§ **EXERCISE DATA**:
· · · · ·

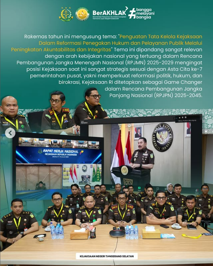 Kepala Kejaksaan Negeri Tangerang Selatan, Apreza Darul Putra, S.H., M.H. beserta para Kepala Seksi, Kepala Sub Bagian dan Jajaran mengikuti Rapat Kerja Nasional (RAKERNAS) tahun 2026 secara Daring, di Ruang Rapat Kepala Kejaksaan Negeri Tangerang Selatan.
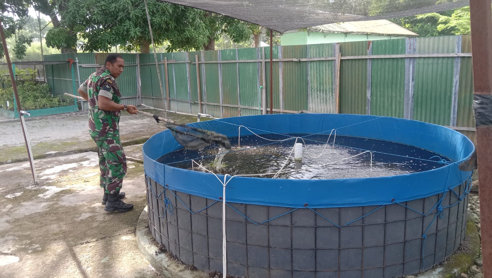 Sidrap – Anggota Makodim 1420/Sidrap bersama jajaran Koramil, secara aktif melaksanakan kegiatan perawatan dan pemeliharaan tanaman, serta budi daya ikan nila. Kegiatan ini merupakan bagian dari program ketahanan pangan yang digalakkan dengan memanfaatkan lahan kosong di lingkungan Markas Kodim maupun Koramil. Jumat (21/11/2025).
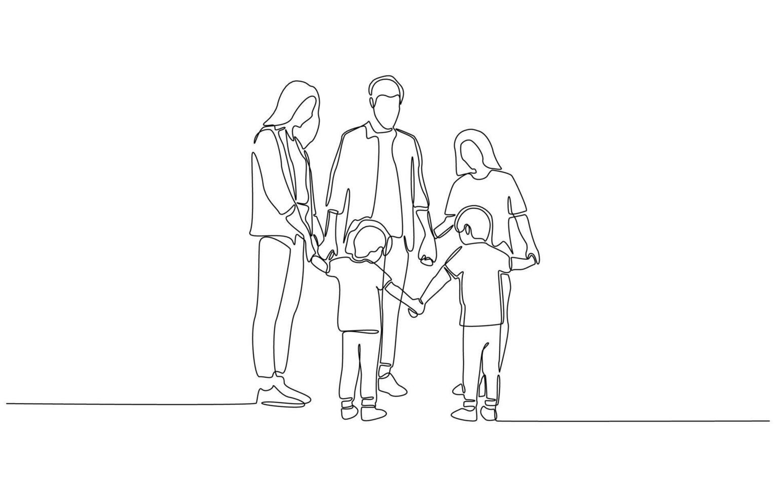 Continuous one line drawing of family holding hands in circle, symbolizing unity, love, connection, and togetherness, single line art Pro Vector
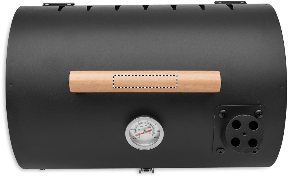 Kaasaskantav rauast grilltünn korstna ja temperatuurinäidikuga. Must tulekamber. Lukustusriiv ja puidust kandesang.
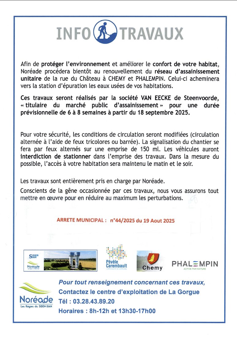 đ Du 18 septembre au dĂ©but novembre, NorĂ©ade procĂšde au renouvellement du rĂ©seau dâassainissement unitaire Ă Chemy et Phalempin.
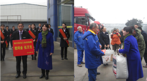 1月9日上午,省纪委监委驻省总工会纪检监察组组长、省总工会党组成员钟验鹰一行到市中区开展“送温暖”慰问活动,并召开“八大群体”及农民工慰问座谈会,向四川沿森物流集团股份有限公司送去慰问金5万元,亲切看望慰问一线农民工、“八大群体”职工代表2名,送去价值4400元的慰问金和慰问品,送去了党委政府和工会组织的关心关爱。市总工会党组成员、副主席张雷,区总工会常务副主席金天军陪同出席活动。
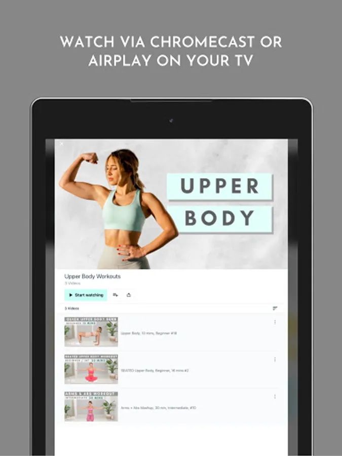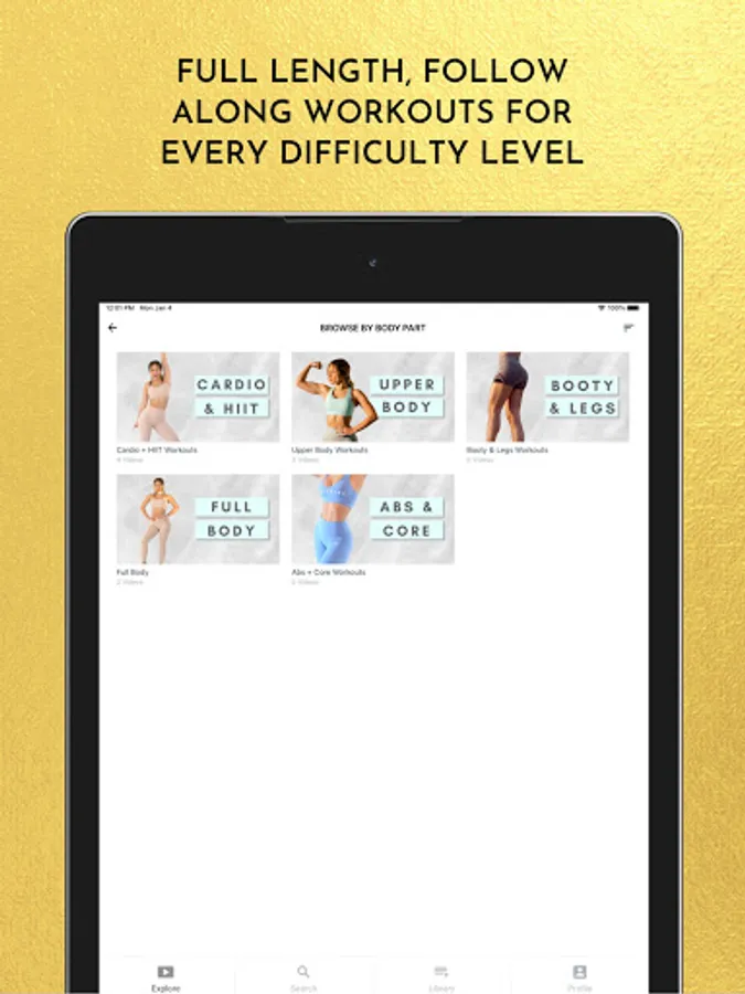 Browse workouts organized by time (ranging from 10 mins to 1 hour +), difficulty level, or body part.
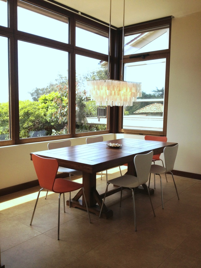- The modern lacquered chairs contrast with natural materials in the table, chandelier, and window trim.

· · · · ·

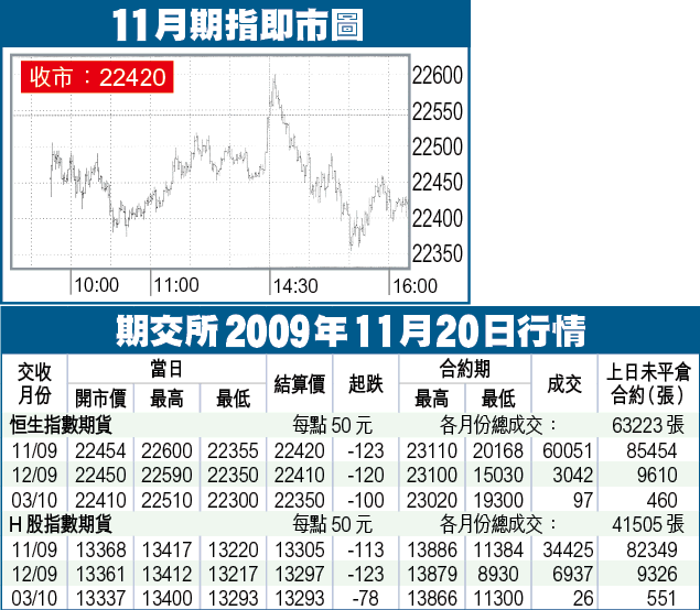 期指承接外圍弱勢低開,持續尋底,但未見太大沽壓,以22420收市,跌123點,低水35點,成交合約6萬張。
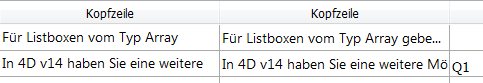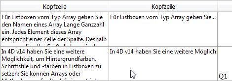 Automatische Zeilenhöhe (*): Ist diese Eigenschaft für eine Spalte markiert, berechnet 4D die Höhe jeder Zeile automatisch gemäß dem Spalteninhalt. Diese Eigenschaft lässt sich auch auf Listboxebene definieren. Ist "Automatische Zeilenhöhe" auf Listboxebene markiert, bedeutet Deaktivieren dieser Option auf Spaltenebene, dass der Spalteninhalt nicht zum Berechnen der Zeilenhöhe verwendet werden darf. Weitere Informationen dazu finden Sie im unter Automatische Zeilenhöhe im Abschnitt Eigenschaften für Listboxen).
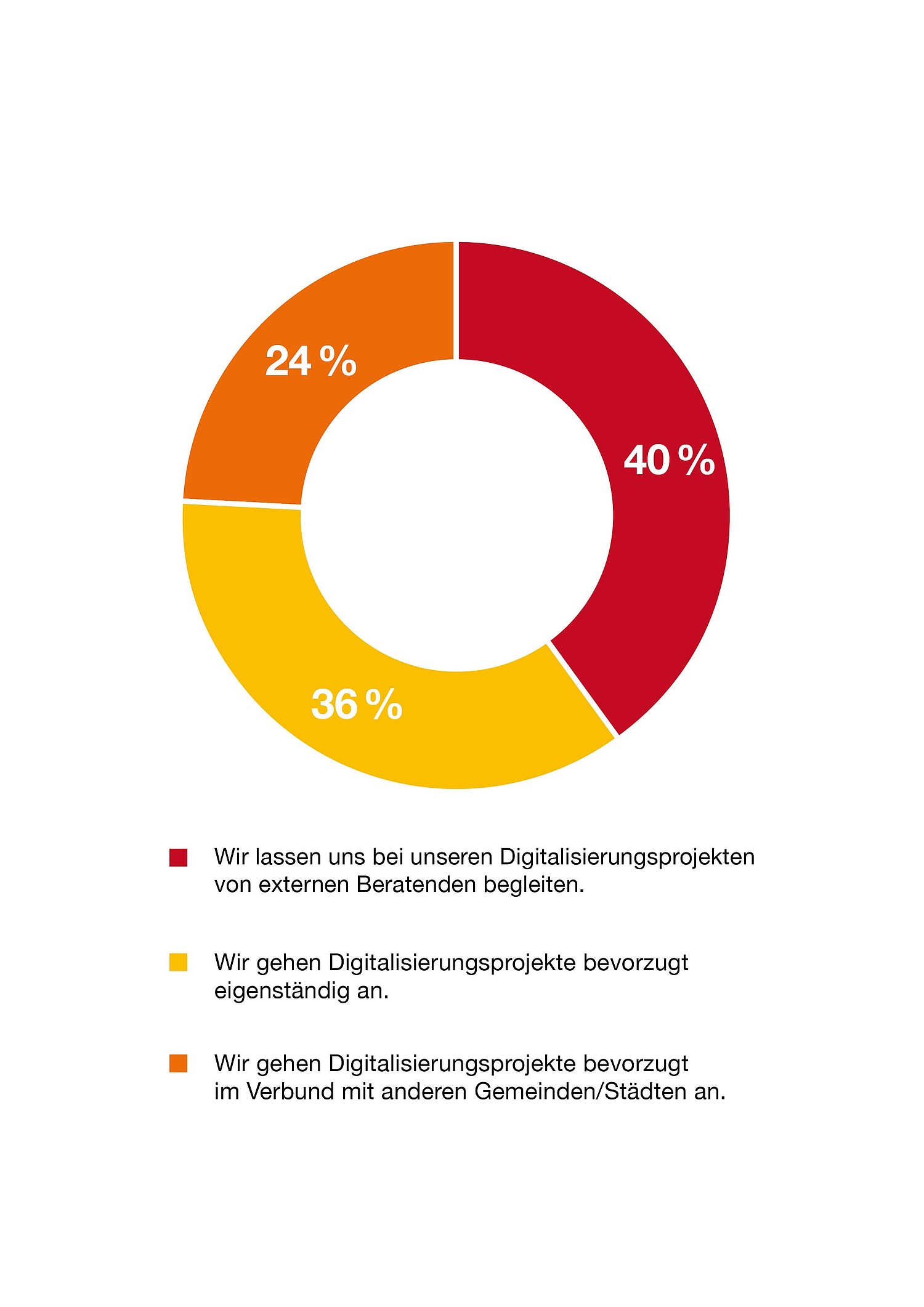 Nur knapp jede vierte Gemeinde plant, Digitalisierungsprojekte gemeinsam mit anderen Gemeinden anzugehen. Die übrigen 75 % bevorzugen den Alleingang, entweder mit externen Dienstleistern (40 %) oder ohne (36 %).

· · · · ·

§ **REQUIRED WORK**:
Each line above starting at the one holding "期指承接外圍弱勢低開,持續尋" and ending at the one holding "Automatische Zeilenhöhe (*): Ist" should be set down exactly as it stands, both ends included, with no pictures.

§ **RESULT FOR THIS EXERCISE**:
 期指承接外圍弱勢低開,持續尋底,但未見太大沽壓,以22420收市,跌123點,低水35點,成交合約6萬張。
 Automatische Zeilenhöhe (*): Ist diese Eigenschaft für eine Spalte markiert, berechnet 4D die Höhe jeder Zeile automatisch gemäß dem Spalteninhalt. Diese Eigenschaft lässt sich auch auf Listboxebene definieren. Ist "Automatische Zeilenhöhe" auf Listboxebene markiert, bedeutet Deaktivieren dieser Option auf Spaltenebene, dass der Spalteninhalt nicht zum Berechnen der Zeilenhöhe verwendet werden darf. Weitere Informationen dazu finden Sie im unter Automatische Zeilenhöhe im Abschnitt Eigenschaften für Listboxen).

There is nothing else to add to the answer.